Intervention de Guillaume Larrivé

Réunion du 28 janvier 2016 à 9h30
Commission des lois constitutionnelles, de la législation et de l'administration générale de la république

Photo issue du site de l'Assemblée nationale ou de WikipediaGuillaume Larrivé :

À ce stade de nos débats, je voterai contre les amendements de suppression de l'article 2 et ne prendrai pas part au vote de l'amendement du Gouvernement, pour les raisons suivantes.

Je voterai contre les amendements de suppression de l'article 2, car je suis favorable au principe de déchéance de la nationalité française pour les personnes condamnées pour crime ou délit portant gravement atteinte à la vie de la Nation.

Quant à l'amendement du Gouvernement, il suscite plusieurs interrogations qui doivent être levées avant le débat dans l'hémicycle. Peut-être certaines le seront-elles d'ailleurs par la communication qui nous sera faite, et que nous demandons, de l'avant-projet de loi d'application de cet article. Mais j'aurais une deuxième demande à l'endroit du rapporteur et du nouveau garde des Sceaux, Jean-Jacques Urvoas : comment le Gouvernement interprète-t-il la suppression par amendement des mots « qui détient une autre nationalité » figurant dans le projet de loi constitutionnelle ? Nous sommes très nombreux ici à considérer que la création d'apatrides doit être totalement prohibée. L'amendement du Gouvernement n'interdit pas explicitement le retrait de la nationalité française à des personnes qui n'ont que celle-ci – à la différence du projet de loi initial. Dès lors, sans doute le permet-il.
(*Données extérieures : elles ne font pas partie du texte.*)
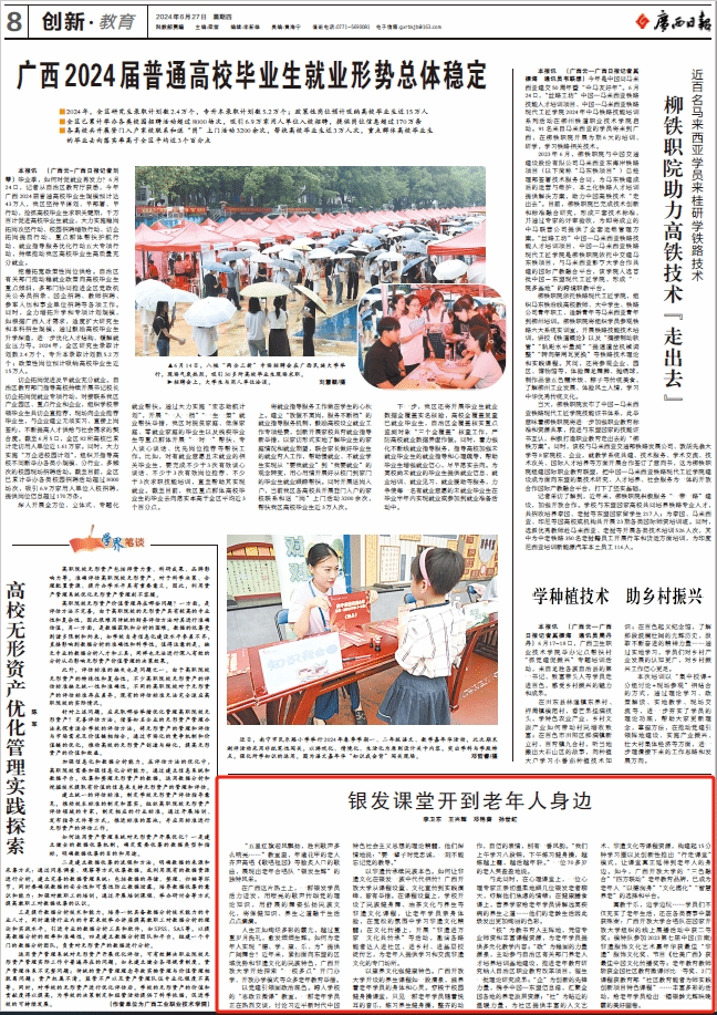 2024年6月27日,广西日报008版以《银发课堂开到老年人身边》为题报道pg娱乐老年教育情况,现将报道转载如下:
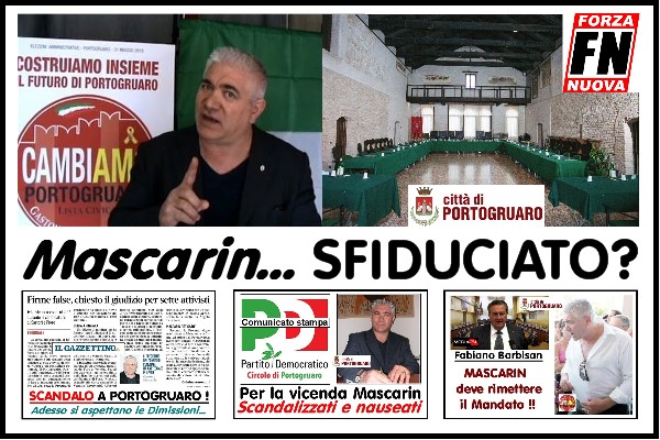 Oggi, martedì 7 novembre 2017, siamo all’atto finale (politico) sulla vicenda che ha coinvolto Gastone Mascarin, che in qualità di Consigliere comunale ha autentificato nel 2015 delle Firme false di Forza Nuova, che si presentava alle Elezioni Regionali (Veneto) e Comunali (Venezia), per questo fatto Mascarin ha subito un Processo patteggiando 6 mesi, insieme al lui anche Angelo Lauritano, che fa parte della sua Lista civica “CambiAmo Portogruaro”, di cui non conosciamo l’entità del patteggiamento, ma di entrambi nemmeno i dettagli e le circostanze di cui sono stati imputati.
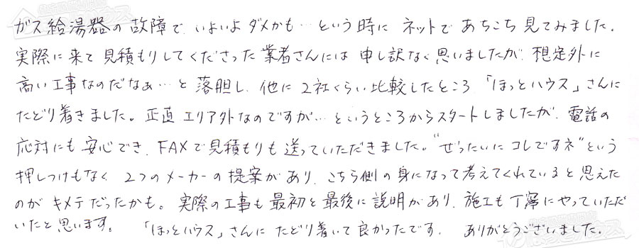 いたと思います。「ほっとハウス」さんにたどり着いて良かったです。ありがとうございました。
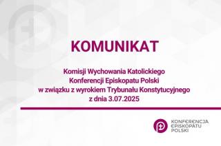 Komisja Wychowania Katolickiego wyraża nadzieję, że po wyroku Trybunału Konstytucyjnego, którego orzeczenia – w myśl Konstytucji RP – są ostateczne, zostanie przywrócony ład prawny, tzn. uchylone przez Trybunał regulacje zostaną cofnięte i nie będą przestrzegane przez podmioty odpowiedzialne za edukację w Polsce – czytamy w komunikacie Komisji Wychowania Katolickiego Konferencji Episkopatu Polski w związku z wyrokiem Trybunału Konstytucyjnego z dnia 3 lipca 2025 roku.
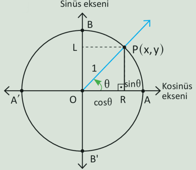Birim çember üzerinde pozitif yönlü bir \( \alpha \) açısının bitim kolunun çemberi kestiği nokta \( P(x, y) \) olsun. Bu noktanın koordinatları, bize o açının kosinüs ve sinüs değerlerini verir.
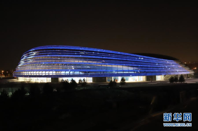 这是2020年12月15日拍摄的进行场馆外立面泛光照明调试的国家速滑馆“冰丝带”.新华社记者 张骁 摄
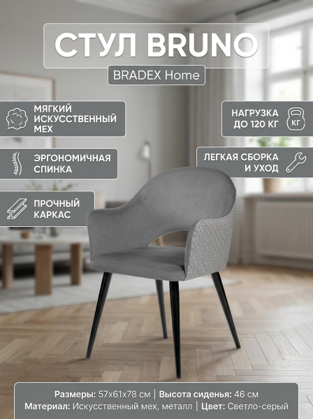Стул BRADEX HOME Bruno - ОписаниеСтул Bruno выполнен из искусственного меха на устойчивом металлическом каркасе, отличающимся прочностью и элегантностью. Широкая мягкая спинка обеспечит позвоночнику отличную опору в течение длительного времени. Благодаря своему внешнему виду, он отлично впишется в любой современный интерьер.
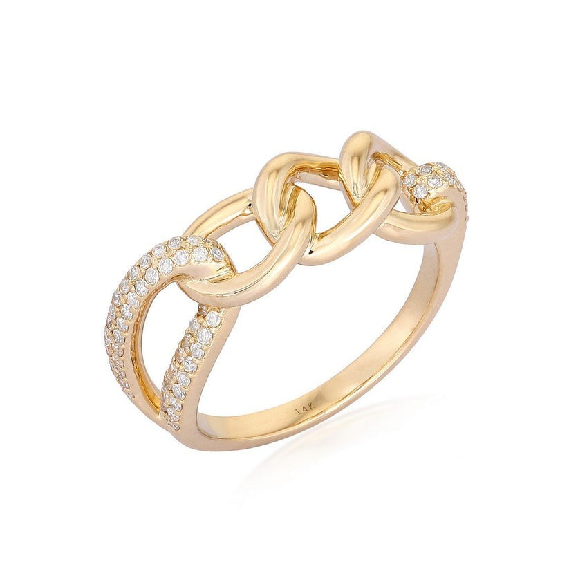 Diamond Embellished 14K (or 18k upon request) Yellow Gold Chain Band Ring
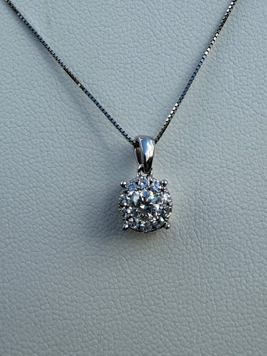 Natural Diamond Pendant 14k White Gold Necklace 0.59ct | Halo Drop | 18” Chain
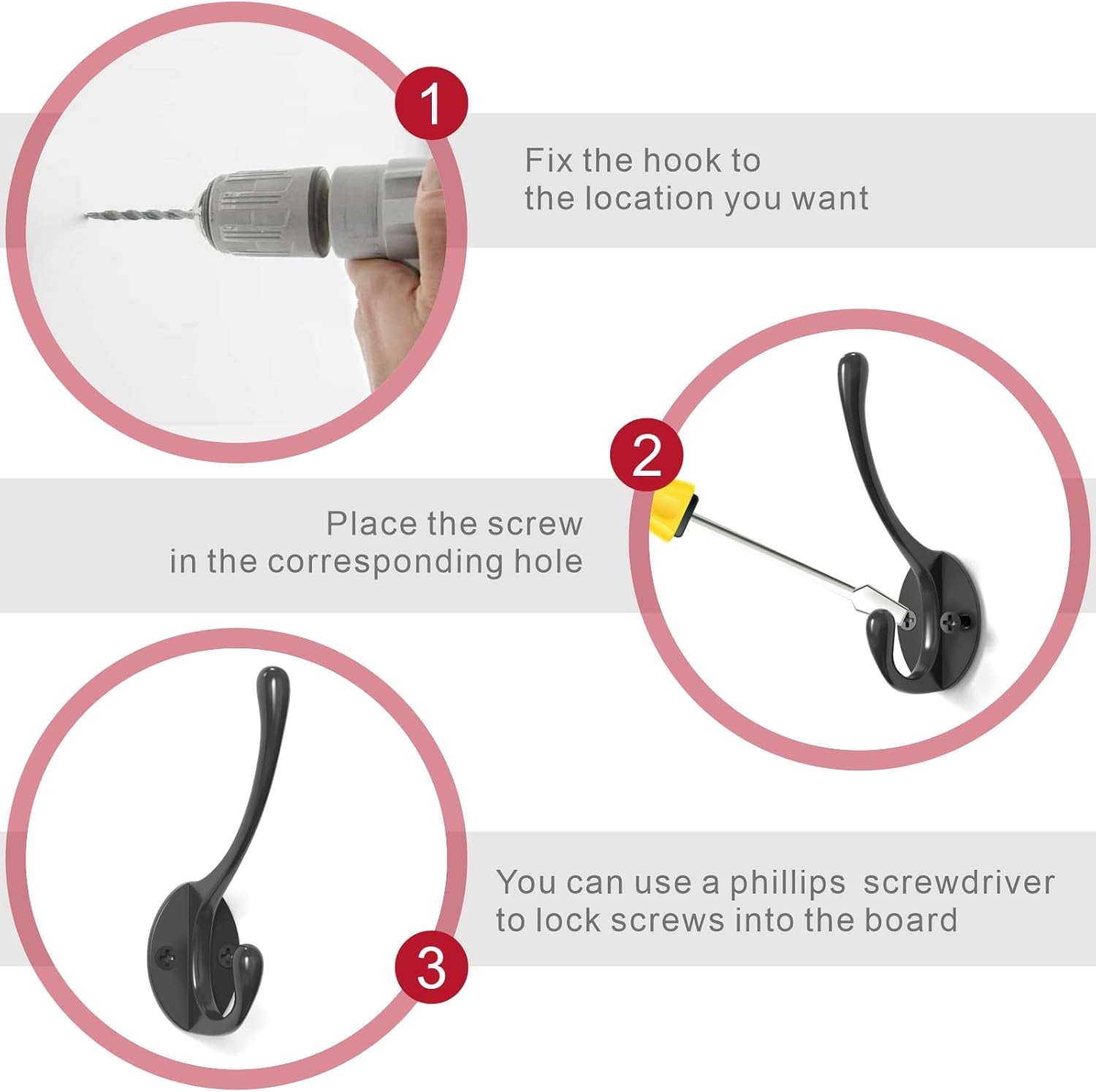 - Material: The Coat Hooks not easy to break, anti-rust and anti-corrosion, The Coat hooks and screws are made of good quality zinc die-cast material, which is hard and durable
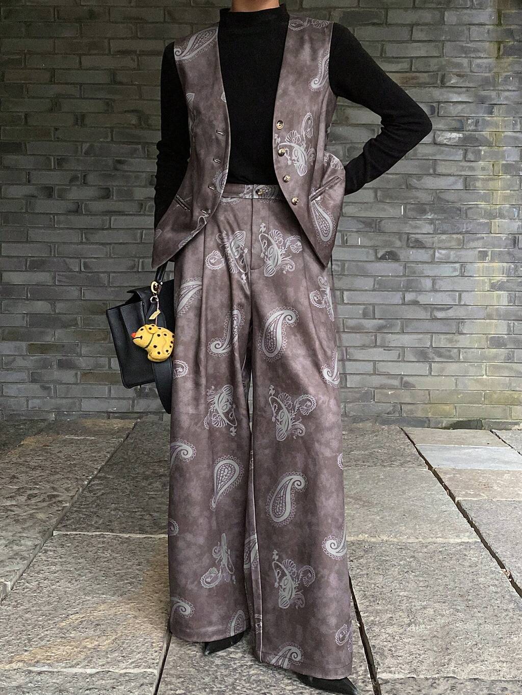 Women's Cashew Flower All-Over Print Bohemian V-Neck Sleeveless Top And Straight Leg Pants 2-Piece Set, Casual Vacation Style

Bref, le texte constitutionnel nouveau, si l'amendement du Gouvernement était adopté, interdit-il ou non la création d'apatrides ?

Parallèlement, le Premier ministre nous a annoncé hier qu'il entendait présenter un projet de loi de ratification des Conventions de 1961 et de 1997 prohibant la création d'apatrides. La question qui nous est posée, à nous constituant potentiel, est celle de l'articulation entre la Constitution révisée et les conventions internationales qui seraient ratifiées en droit interne. L'article 54 de la Constitution dispose que si le Conseil constitutionnel, saisi par le Président de la République, par le Premier ministre, par le président de l'une ou l'autre assemblée ou par soixante députés ou soixante sénateurs, a déclaré qu'un engagement international comporte une clause contraire à la Constitution, l'autorisation de ratifier ou d'approuver l'engagement international en cause ne peut intervenir qu'après révision de la Constitution. Je ne voudrais pas que l'adoption de l'amendement du Gouvernement nous mette dans une impasse où la Constitution, révisée conformément à l'amendement du Gouvernement, n'interdirait pas la création d'apatrides alors même qu'une loi de ratification serait votée pour l'interdire, car cette loi de ratification ne pourrait être adoptée sans révision de la Constitution alors que celle-ci viendrait tout juste d'être modifiée. Il y a là une vraie interrogation technique et juridique qui doit être levée par le rapporteur et par le ministre de la Justice.

J'ajoute que cet amendement, par construction, n'a fait l'objet d'aucune saisine du Conseil d'État et que les conditions dans lesquelles il a été préparé ne dissipent pas les interrogations qui subsistent. D'ici à la séance publique du 5 février, il est absolument nécessaire que le Gouvernement clarifie pleinement cette articulation.